The book contains many references to real people and events in Plath's life. Plath's real-life magazine scholarship was at Mademoiselle magazine beginning in 1953. Furthermore, Philomena Guinea is based on Plath's own patron, author Olive Higgins Prouty, who funded Plath's scholarship to study at Smith College. Plath was rejected from a Harvard course taught by Frank O'Connor. Dr. Nolan is thought to be based on Plath's own therapist, Ruth Beuscher, whom she continued seeing after her release from the hospital. A good portion of this part of the novel closely resembles the experiences chronicled by Mary Jane Ward in her autobiographical novel The Snake Pit; Plath later stated that she had seen reviews of The Snake Pit and believed the public wanted to see "mental health stuff," so she deliberately based details of Esther's hospitalization on the procedures and methods outlined in Ward's book. Plath was a patient at McLean Hospital, an upscale facility which resembled the "snake pit" much less than certain wards in the Metropolitan State Hospital, which may have been where Mary Jane Ward was actually hospitalized.

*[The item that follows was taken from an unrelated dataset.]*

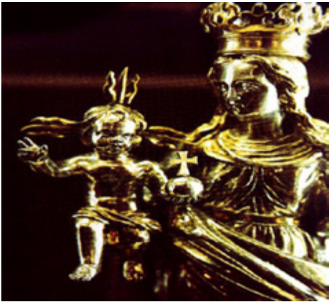
Ekibumba kya Madonna ali n’om-wana ekijwire ebwokuroraho bwin-gi obwa Bakatoliki. Omukono gwa Kristo n’obwarra busatu burozire haiguru, nkooku arukusisana omuka-toliki. Omungaro harumu ensi, kandi n’omusalaba gw’obukatoliki guli hai-guru y’ensi. Nosobora kugamba ngu Ekelezia Katolika n’ekora na Kristo kulema ensi yoona.

Enkurakurana enu nebaho ha rulengo rw’byendema, mudiini, ebyentahya hamu n’enkurakurana. Guli mulimo ogurukugenda mpora kandi nigut-wara emyaka nyingi – nikikolerwa omu nsita kandi mpora muno. Omu bwire butali bwa hara abo abataruk-worobera ebiragi-ro byensi yoona kabibe bya Amahanga rundi Ediini ni-baija kwetwa baikazi abajemi. Nibai-ja kuba n’okufubirwa rundi bahanwe omu miringo endi yoona. Okukozesa kubi obusobozi omu bwa Papa nik-wija kurorwa omurundi ogundi, baitu oihireho abo abali nibahakaniza en-kozesha mbi ey’obusobozi bunu kandi nabo baliba beteranize hamu nabo. (Okusuku’rwa 13:11-17). Baibuli niyo erukusukura kinu kandi naitwe nitwikiriza ekigambo kya Ruhanga.

In a 2006 interview, Joanne Greenberg said that she had been interviewed in 1986 by one of the women who had worked on Mademoiselle with Plath in the college guest editors group. The woman claimed that Plath had put so many details of the students' real lives into The Bell Jar that "they could never look at each other again," and that it had caused the breakup of her marriage and possibly others.
Janet McCann links Plath's search for feminine independence with a self-described neurotic psychology. Plath's husband has at one point insinuated that The Bell Jar might have been written as a response to many years of electroshock treatment and the scars it left.